##### THE RECORDS #####

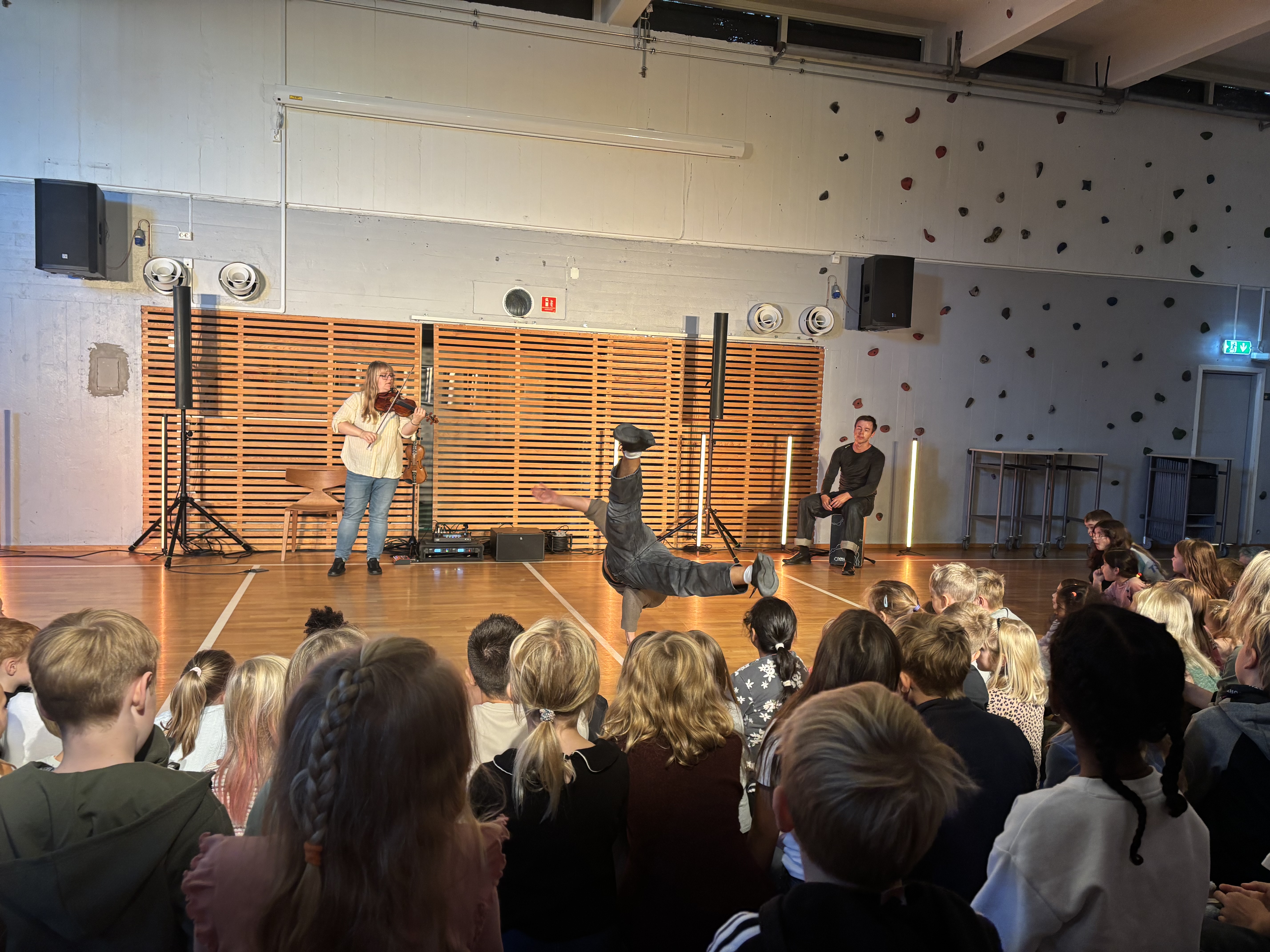 Onsdag 17. september fikk hele skolen bli med på konsert med bandet "Bare fjas og blågras". Her er noen bilder fra konserten:
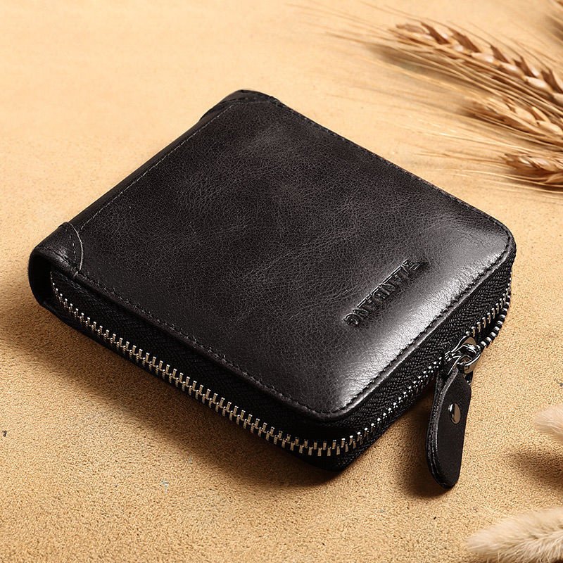 Manbang Full Zipper Top Layer Cowhide Wallet Men’s Leather Short
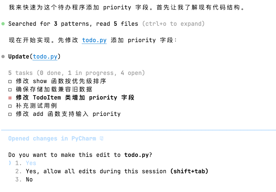 - 在 IDE 里面先展示计划等你批转,不会直接改。
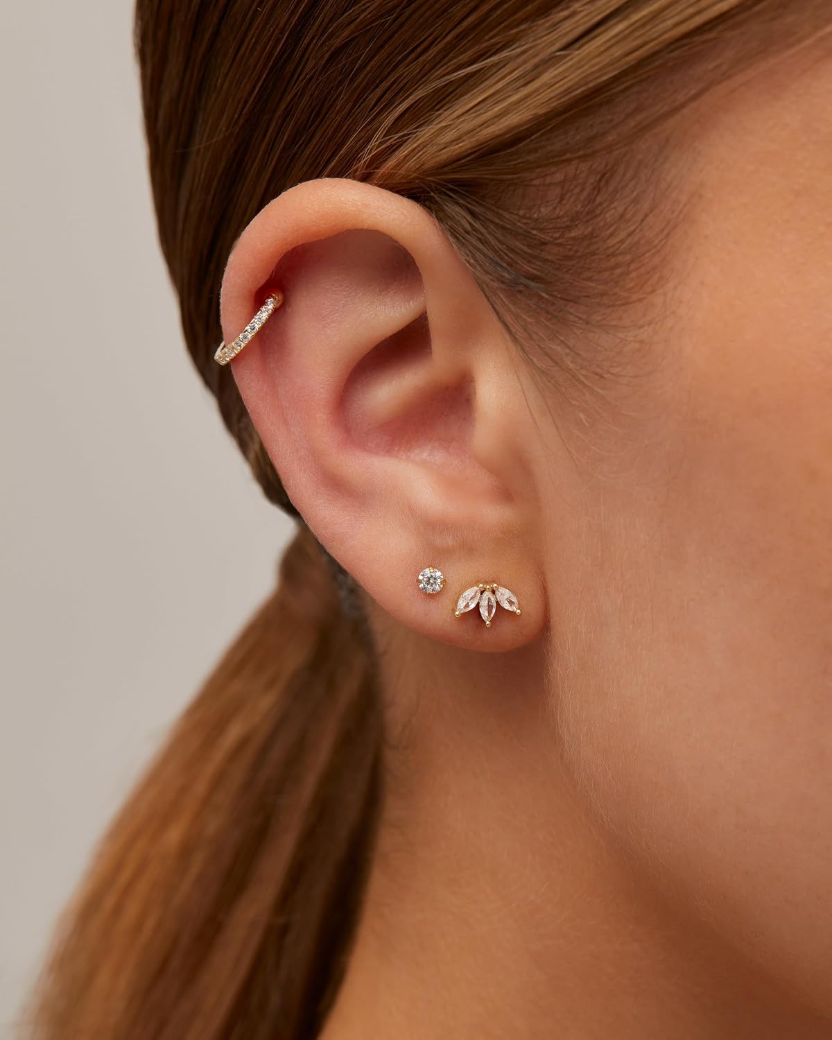 CZ Half Huggie Studs
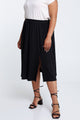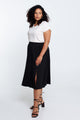 • •  Halblanger Rock mit Schlitz
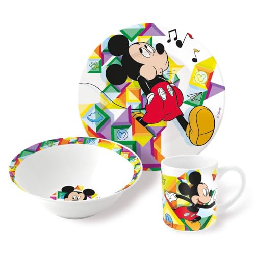 3-delat set av keramik Musse Disney kopp skål tallrik servis för barn i förpackning

#####

- EXERCISE OBJECTIVE: Pictures stay out of the answer; the rest of the listing above is returned exactly.

- EXPECTED ANSWER:
 Onsdag 17. september fikk hele skolen bli med på konsert med bandet "Bare fjas og blågras". Her er noen bilder fra konserten:
 Manbang Full Zipper Top Layer Cowhide Wallet Men’s Leather Short
 - 在 IDE 里面先展示计划等你批转,不会直接改。
 CZ Half Huggie Studs
 • •  Halblanger Rock mit Schlitz
 3-delat set av keramik Musse Disney kopp skål tallrik servis för barn i förpackning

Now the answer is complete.